- **Exercise data**:
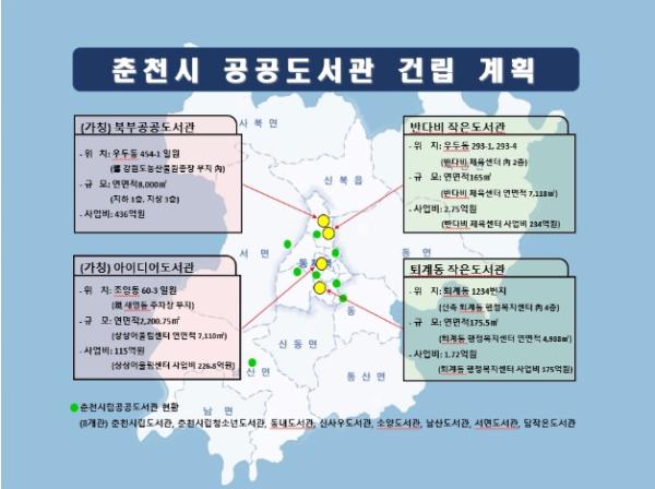 이처럼 내년을 시작으로 2027년까지 4개 도서관이 모두 개관되면 춘천시립공공도서관은 모두 12곳으로 늘어난다.
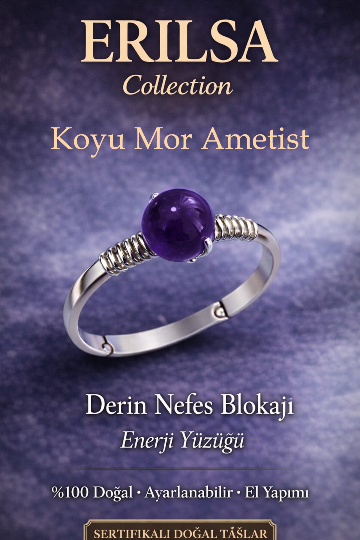 Koyu mor ametist taşı, sakinleştirici ve dengeleyici enerjisiyle bilinir. Derin nefes alamama hissi çoğu zaman zihinsel ve duygusal blokajlardan kaynaklanır. Bu yüzükte kullanılan doğal koyu mor ametist taşı, zihinsel gevşeme ve nefes enerjisinin rahatlamasına destek olur. Bakır bazlı seri altın kaplama, taşın doğal frekansını güçlendirerek vücutta daha dengeli bir his oluşturur. Ayarlanabilir ince kasa yapısı estetik ve konforu bir arada sunar. Düzenli kullanımda sakinlik, derin nefes alma hissi ve içsel huzur desteklenir. Balık, Kova ve Yengeç burçlarıyla uyumludur. El yapımı ve sertifikalı doğal taş ürünüdür.
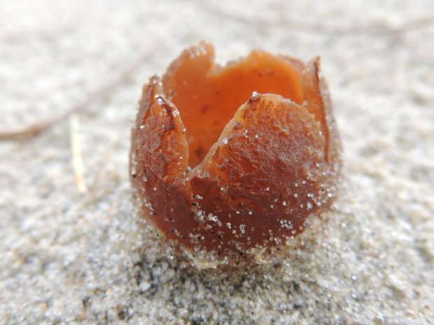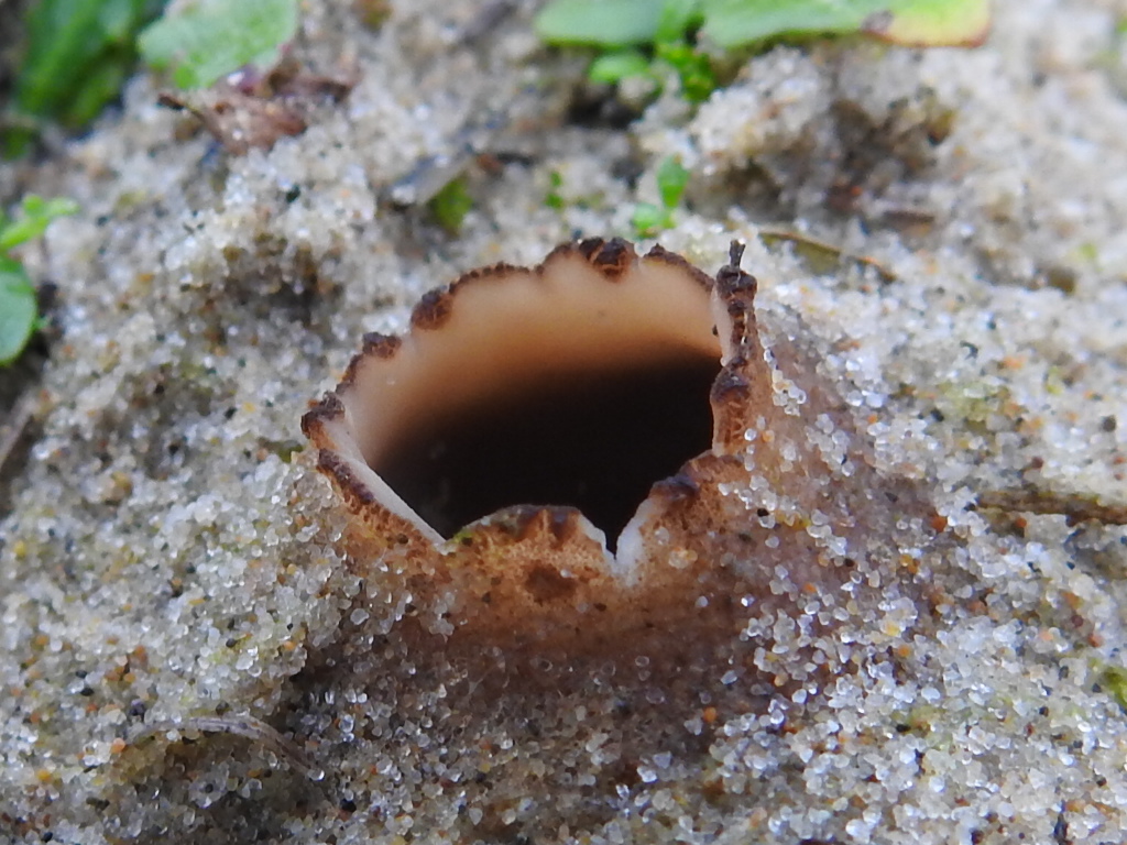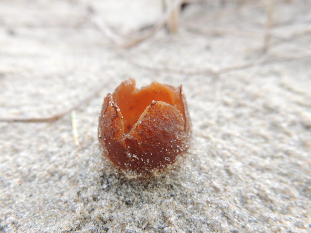 De Kwade Hoek op Goeree Overflakkee is een bijzondere plek. In november oogt het als een woeste uithoek, maar wie rondloopt en zich de ogen goed de kost geeft, zal er veel vogels ontdekken. En wie ook naar beneden kijkt en het zand checkt, ontdekt tussen het helmgras een heel apart paddenstoeltje: het zandtulpje. Je moet echt goed zoeken, want hun 4-6 stervormig lobjes steken als een mini-tulp van hooguit 3 cm maar net boven het zand uit. En dan zijn ze soms ook onopvallend dadelbruin, maar als ze vers zijn soms ook wat opvallender oranjebruin. Ze groeien op (rottende) helmwortels in de buitenduinen.

- **Problem description**:
Write out the listing above exactly as it stands, pictures excluded.

- **Answer section**:
 이처럼 내년을 시작으로 2027년까지 4개 도서관이 모두 개관되면 춘천시립공공도서관은 모두 12곳으로 늘어난다.
 Koyu mor ametist taşı, sakinleştirici ve dengeleyici enerjisiyle bilinir. Derin nefes alamama hissi çoğu zaman zihinsel ve duygusal blokajlardan kaynaklanır. Bu yüzükte kullanılan doğal koyu mor ametist taşı, zihinsel gevşeme ve nefes enerjisinin rahatlamasına destek olur. Bakır bazlı seri altın kaplama, taşın doğal frekansını güçlendirerek vücutta daha dengeli bir his oluşturur. Ayarlanabilir ince kasa yapısı estetik ve konforu bir arada sunar. Düzenli kullanımda sakinlik, derin nefes alma hissi ve içsel huzur desteklenir. Balık, Kova ve Yengeç burçlarıyla uyumludur. El yapımı ve sertifikalı doğal taş ürünüdür.
 De Kwade Hoek op Goeree Overflakkee is een bijzondere plek. In november oogt het als een woeste uithoek, maar wie rondloopt en zich de ogen goed de kost geeft, zal er veel vogels ontdekken. En wie ook naar beneden kijkt en het zand checkt, ontdekt tussen het helmgras een heel apart paddenstoeltje: het zandtulpje. Je moet echt goed zoeken, want hun 4-6 stervormig lobjes steken als een mini-tulp van hooguit 3 cm maar net boven het zand uit. En dan zijn ze soms ook onopvallend dadelbruin, maar als ze vers zijn soms ook wat opvallender oranjebruin. Ze groeien op (rottende) helmwortels in de buitenduinen.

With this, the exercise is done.